En Ik zal hem een witte steen geven. In de oudheid gaven rechters aan iemand die zij onschuldig bevonden een witte steen als bewijs van onschuld. De Here zal hen die overwinnen als zonder zonde beoordelen, omdat zij gereinigd zijn door het bloed van het Lam. Zij worden vrijgesproken van het oordeel en ontvangen nieuw leven. Ook verwijst de witte steen naar het priesterschap. Zoals Aäron een gouden met plaat met inscriptie droeg (Exod. 28:36), zo zullen ook de gelovigen uit Israël een witte steen met inscriptie dragen.

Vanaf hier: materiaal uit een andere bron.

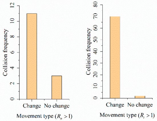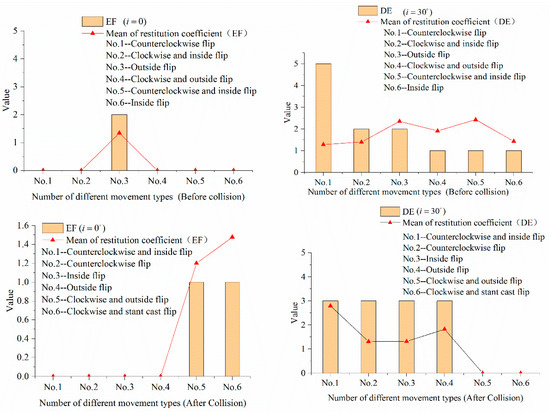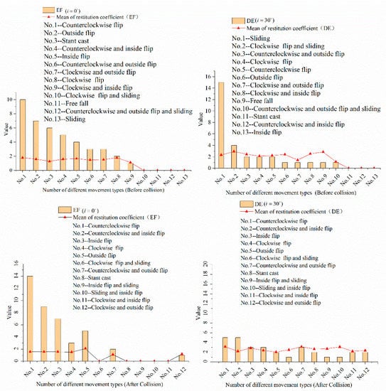 Figure 12 shows that under the condition of same slope, the movement type of platy rock before and after the collision is also an important reason for the occurrence of . In the 72 times of collisions with , there were 41 times of collisions in the EF area () and 31 times of collisions in the DE area (). In the EF area, there were thirteen types of motion before the collision and nine types of them include flip motion. The proportion was 69.2%. The average value was different in various movement types. However, there were 12 types of motion after the collision and all of them include flip motion. The average value was also different in various movement types. In the DE area, there were 13 types of motion before the collision and 10 types of them include flip motion. The proportion was 76.9%. There were 12 types of motion after the collision and 11 types of them include flip motion. The proportion was 91.7%. The average value was also different in various movement types before or after the collision.

Op de steen een nieuwe naam geschreven die niemand kent dan hij die hem ontvangt. De naam is in Gods Woord de uitdrukking van het wezen. De nieuwe naam is dus het teken van nieuw leven. Het oude en zondige heeft plaats gemaakt voor het nieuwe en reine. De ongerechtigheid zal vergeven zijn en aan de zonde zal niet meer gedacht worden (Jer. 31:34). Dit gebeuren zal de vervulling zijn van Jesaja 62:2 : “en men zal u noemen met een nieuwe naam, die de mond des Heren zal bepalen.” Ook Jesaja 65:15 spreekt hier over: “maar zijn knechten zal Hij met een andere naam noemen.” Met deze nieuwe naam zullen de gelovigen uit Israël zich onderscheiden van de rest van de volken. Zij die het Beest volgen zullen zijn teken en naam dragen. Zij die Christus volgen zullen evenals Hij een naam dragen die niemand kent: “Hij heeft een geschreven naam, die niemand kent dan Hijzelf.” Dat de naam alleen bekend is bij degene die deze ontvangt, duidt er op dat de ontvangers van deze naam tot een andere sfeer zijn toegetreden. In deze nieuwe positie zullen zij door de in zonde gevallen wereld niet meer gekend worden. Zij zijn in nieuwheid van leven het Koninkrijk binnengegaan.
Slotsom
De brief aan Pergamum is een vermanende brief aan een gemeente waar het aan geloof niet ontbreekt, maar waar te veel tolerantie is voor verkeerde leringen en invloeden van buitenaf. Christus openbaart Zich als Degene Die het scherpe tweesnijdende zwaard heeft. Zijn oordeel wacht hen die vasthouden aan de leer van Bileam en de leer van de Nikolaïten. Er is er echter een belofte voor hen die zich bekeren. Zij ontvangen het verborgen manna en worden vrijgesproken van het oordeel. Zij krijgen als teken van hun onschuld een witte steen met een nieuwe naam die het nieuwe leven symboliseert.